Кузен Джеймс-аптекарь покраснел.

— Да, ты был прав, Дик. Все полученные деньги они пропивали.

— И всегда будут пропивать. А отправив им хлеб, ты поступишь разумно. Только позаботься о том, чтобы твоему примеру последовали другие.

— Как живет Ричард с тех пор, как он остался без работы? Я давно его не видел.

— Неплохо, — коротко отозвался отец Ричарда. — А причина, по которой он прячется, лежит наверху, в постели.

— Навеселе?

— Нет, что ты! Она завязала после того, как Уильям Генри напрямик спросил ее, зачем она пьет ром. — Дик пожал плечами. — Когда Уильяма Генри нет дома, она лежит в постели и смотрит в никуда.

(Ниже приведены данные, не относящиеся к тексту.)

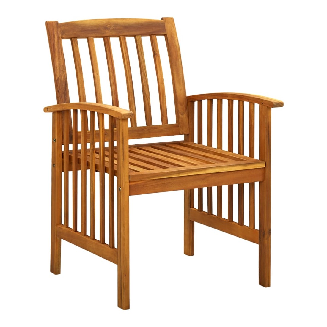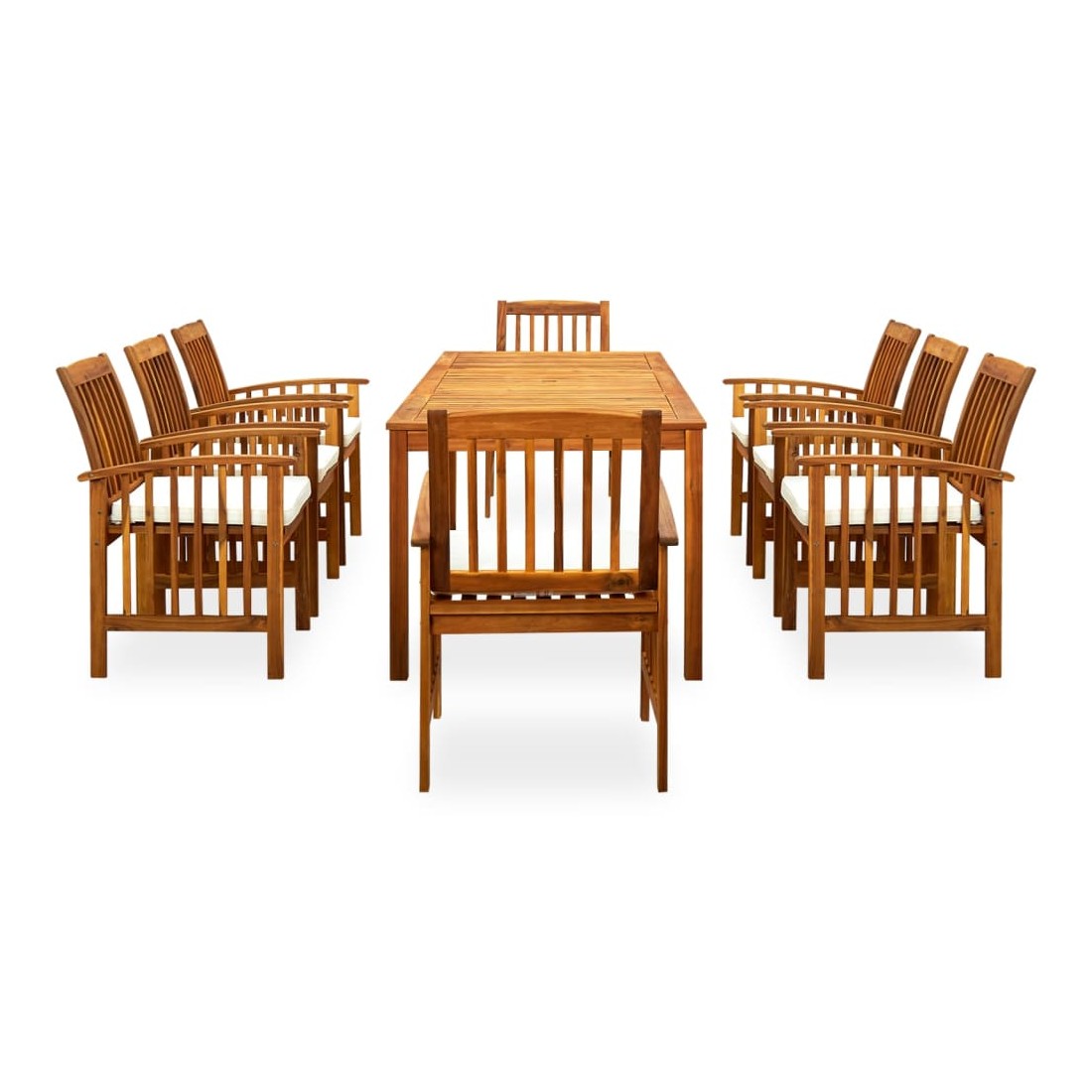 Créez une esthétique convaincante et uniforme dans votre espace extérieur avec cet ensemble de salle à manger de jardin ! La table de salle à manger est en bois d'acacia massif, un bois dur aux grains denses, ce qui la rend robuste, durable et facile à entretenir. Le dessus en bois peut être utilisé pour placer des aliments, des boissons et d'autres articles. Dotées d'un cadre en bois avec une finition à l'huile, ces chaises de salle à manger apportent un look classique à votre terrasse ou à votre arrière-cour tout en donnant à votre espace extérieur une sensation naturelle. Les coussins bien rembourrés ajoutent également un confort d'assise supplémentaire pendant votre temps de détente. De plus, cet ensemble est facile à nettoyer avec un chiffon humide. Remarque : afin de prolonger la
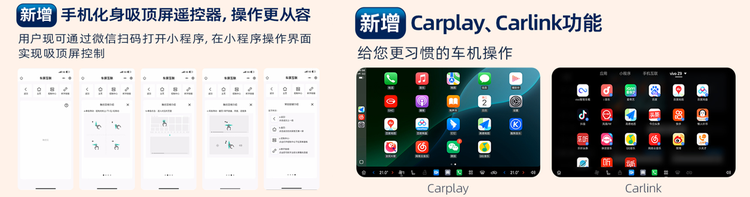 智能互联方面,手机可遥控二排吸顶屏,操作更便捷;Carplay和Carlink功能也同步上线,微信定位一键发送到车,地图可随心增加途经点,便于途中探访亲友或顺路购物,出行规划更显灵活。
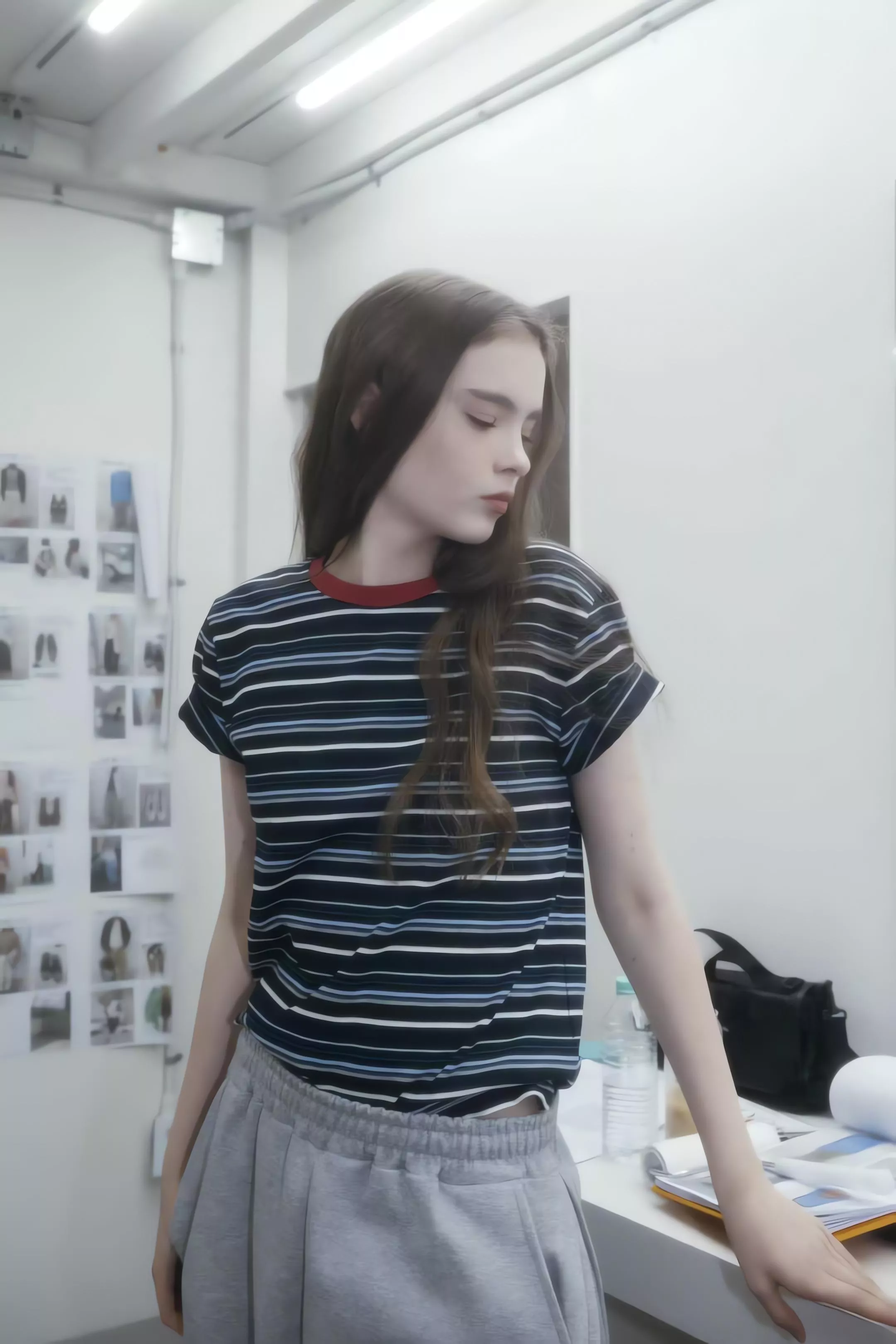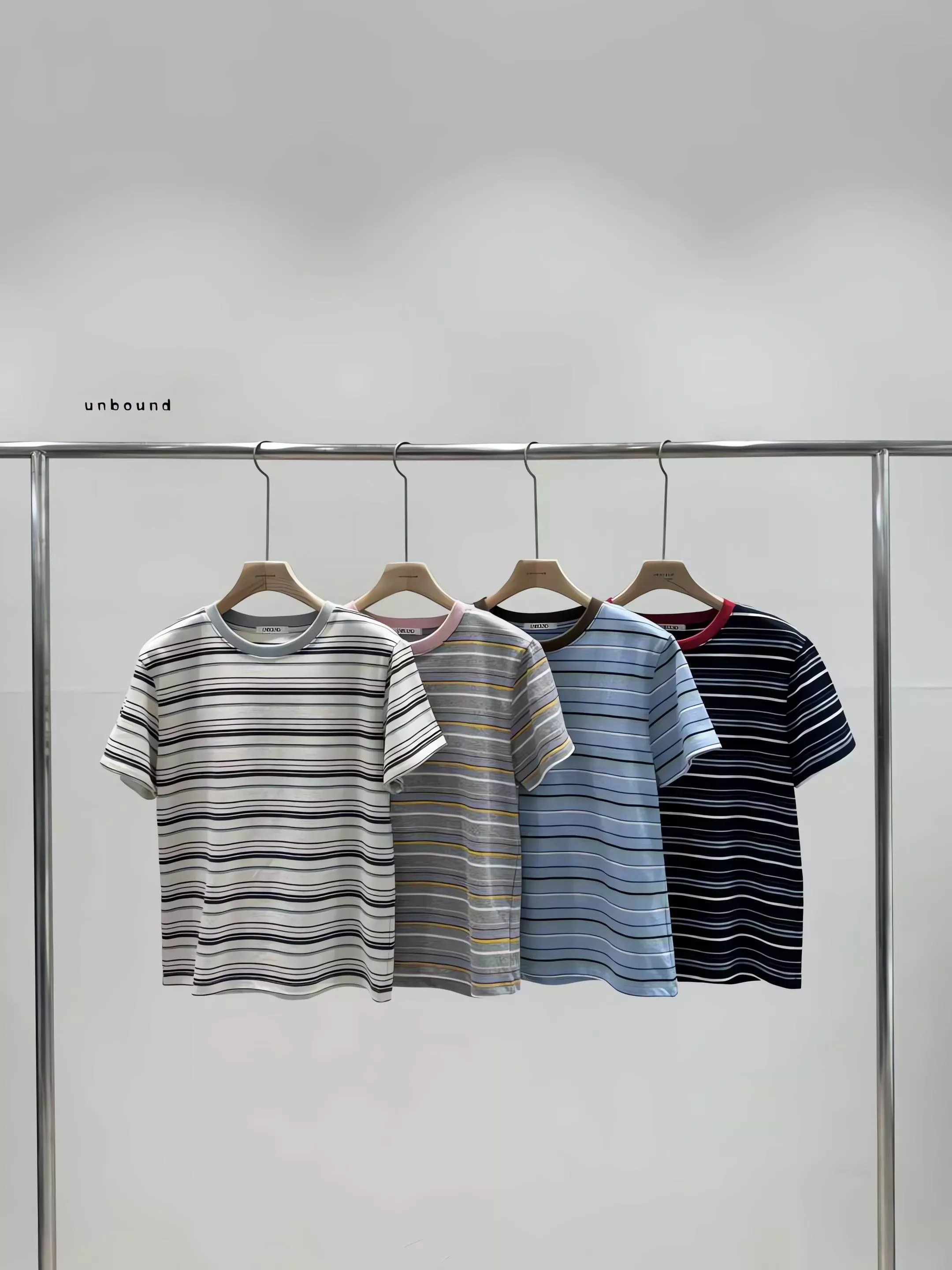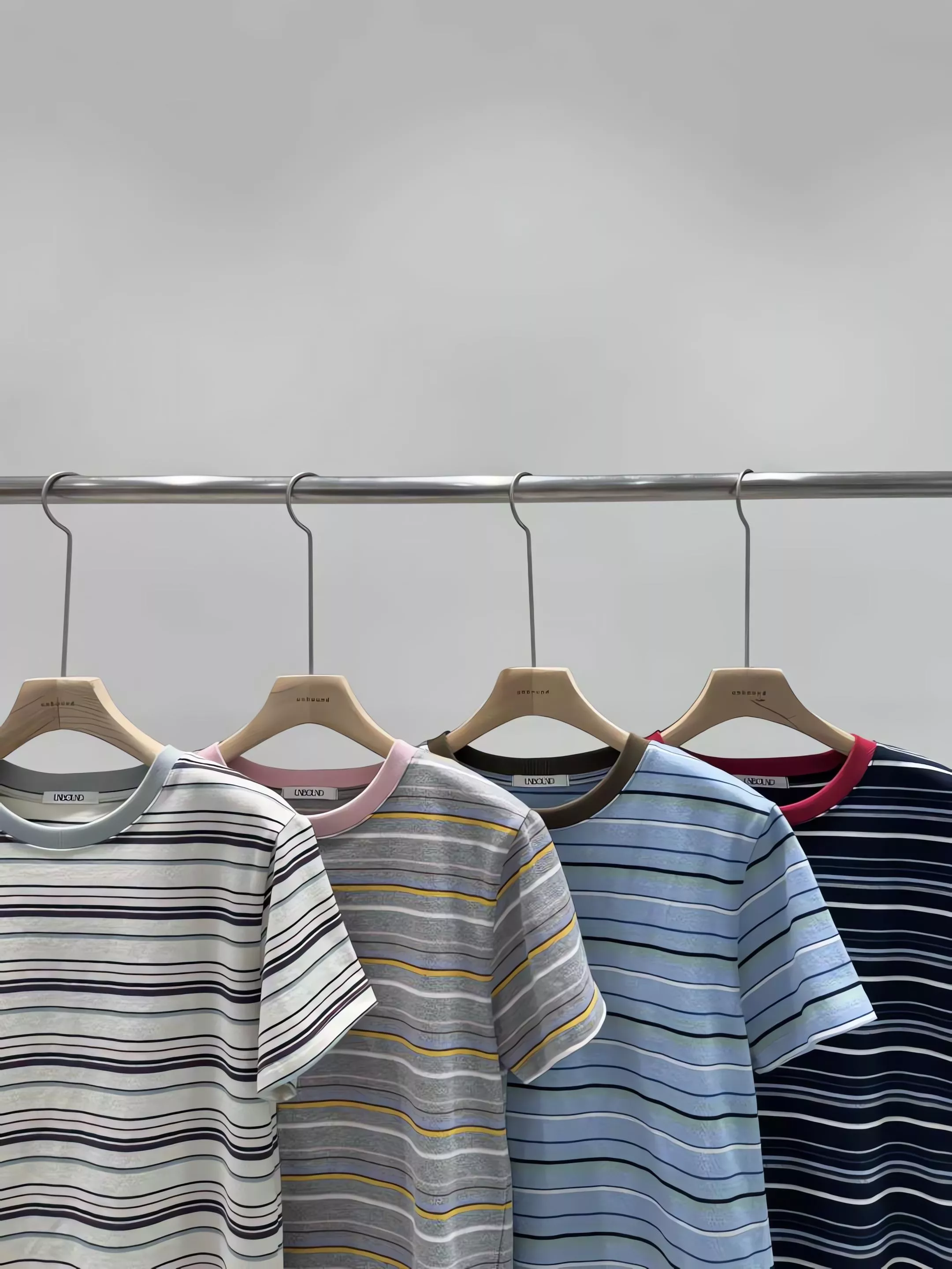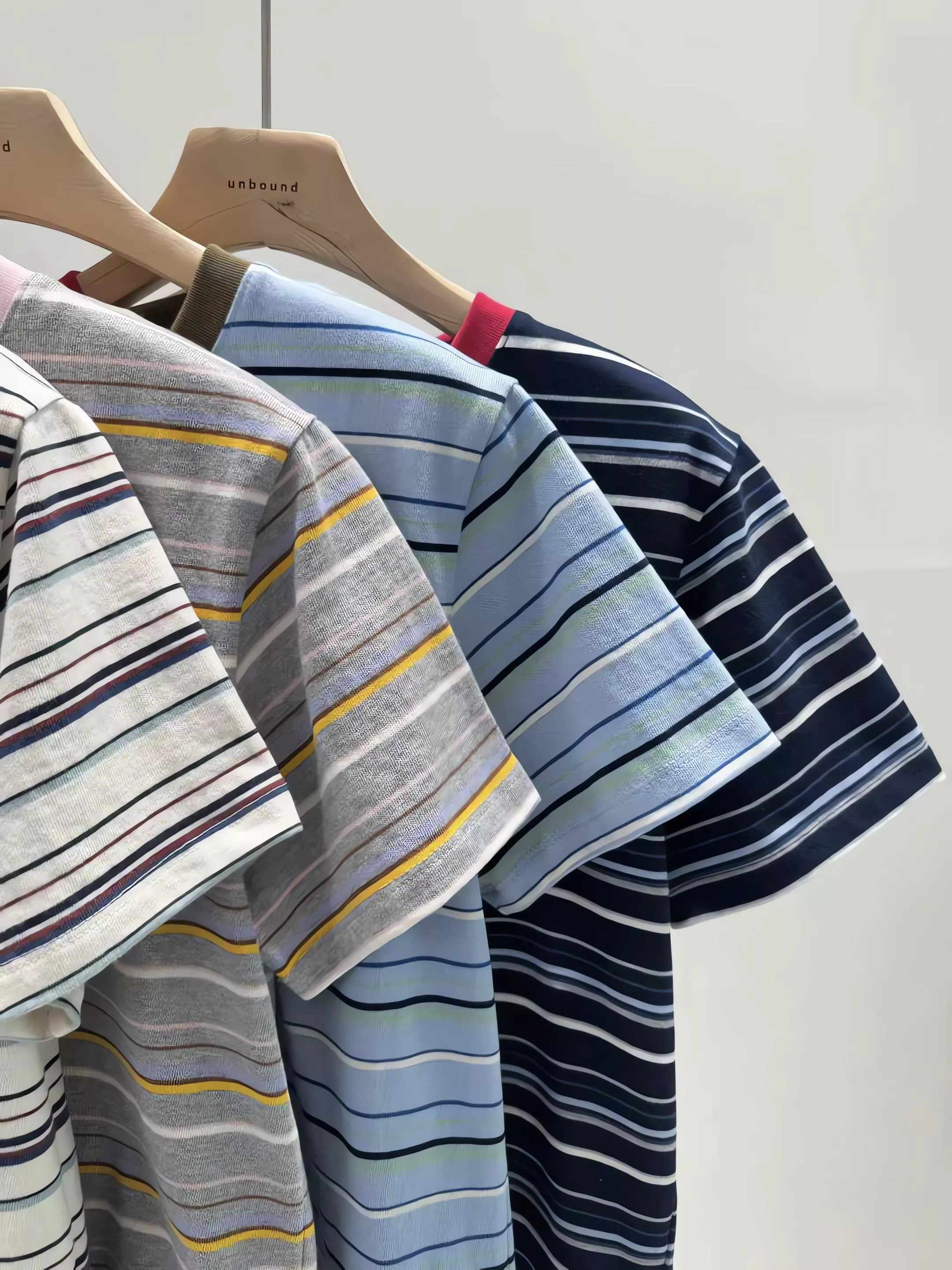 條紋的間距與撞色,決定了一件 T-shirt 是普通還是出色。這次的四個色調,從沈穩的深藍到清爽的淺米,精準拿捏了視覺上的重量感。
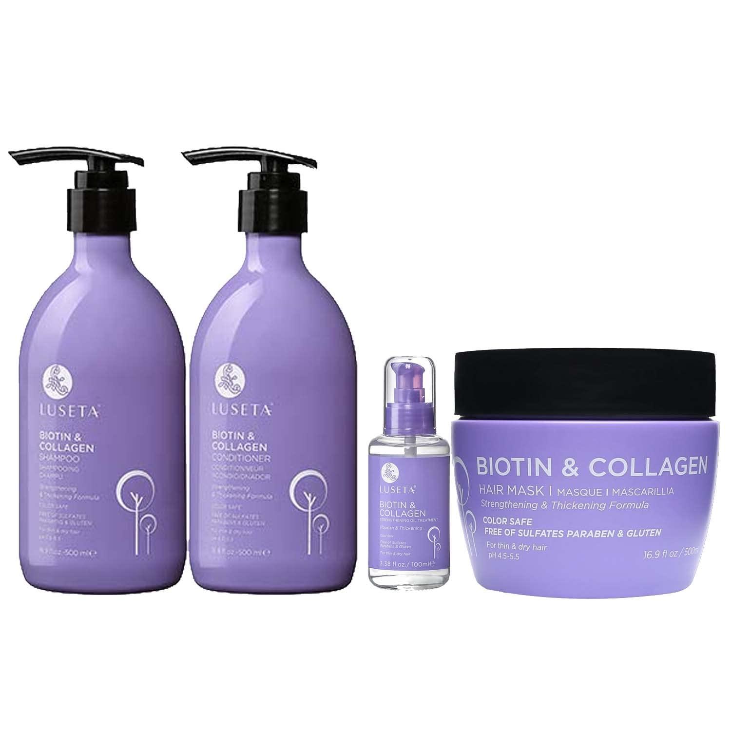 - FOR THINNING HAIR AND HAIR LOSS: Luseta biotin & collagen biotin and conditioner set is proven to reduce hair thinning. It promotes hair strength & thickness with increased volume & reducing breakage
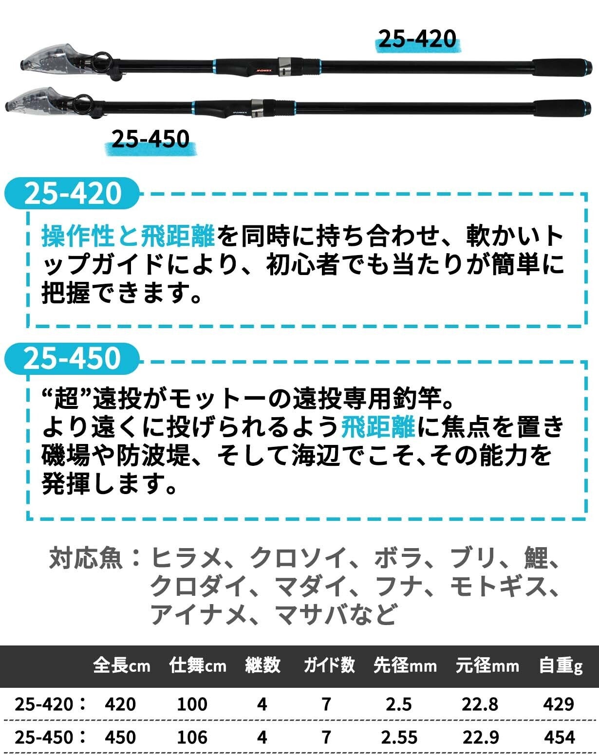 ・遠投釣竿:カーボン+その他

— А когда Уильям Генри дома?

— Она ведет себя пристойно. — Хозяин таверны нахмурился и сердито сплюнул в опилки. — Ох уж эти женщины! Странные они существа, Джим.

Перед мысленным взором кузена Джеймса-аптекаря возникли лица его истерички-жены и двух дурнушек дочерей, старых дев. Он криво усмехнулся и кивнул.

— Я часто думаю о том, зачем Бог наделяет иных людей лошадиными лицами, — заметил он.

Дик расхохотался.

— Вспомнил о девочках, Джим?

— Они уже давно не девочки, их последние надежды обратились в дым. — Он поднялся. — Жаль, что я не застал Ричарда. Я надеялся увидеть его здесь, как в прежние времена, пока он не вернулся к Хабитасу.

— Прежние времена миновали — надо ли напоминать об этом? Оглядись вокруг! Таверна пуста, пристань кишит оборванными матросами. А как добродетельны стали наши прихожане, городская беднота, каким праведным негодованием они пылают! Они забрасывают камнями несчастных, привязанных к позорным столбам, вместо того чтобы сочувствовать им. — Дик грохнул кулаком по столу. — Зачем нам понадобилось вести войну за три тысячи миль от дома? Почему мы просто Не предоставили колонистам вожделенную свободу? Надо было пожелать им удачи и заняться своими делами или начать войну с Францией. Страна погибла, и все во имя идеи. Притом не нашей идеи.

— Ты не ответил мне. Если у Ричарда нет работы, где же он? И где Уильям Генри?

— Ушли гулять вдвоем, Джимми. Как всегда, в Клифтон. Они идут вверх по Пайп-лейн, затем по Фрог-лейн, через Брэн-дон-Хилл к Клифтон-Хиллу, подолгу смотрят на коров и овец у Клифтонского пруда и возвращаются обратно по берегу Эйвона, где бросают в воду камушки и смеются без умолку.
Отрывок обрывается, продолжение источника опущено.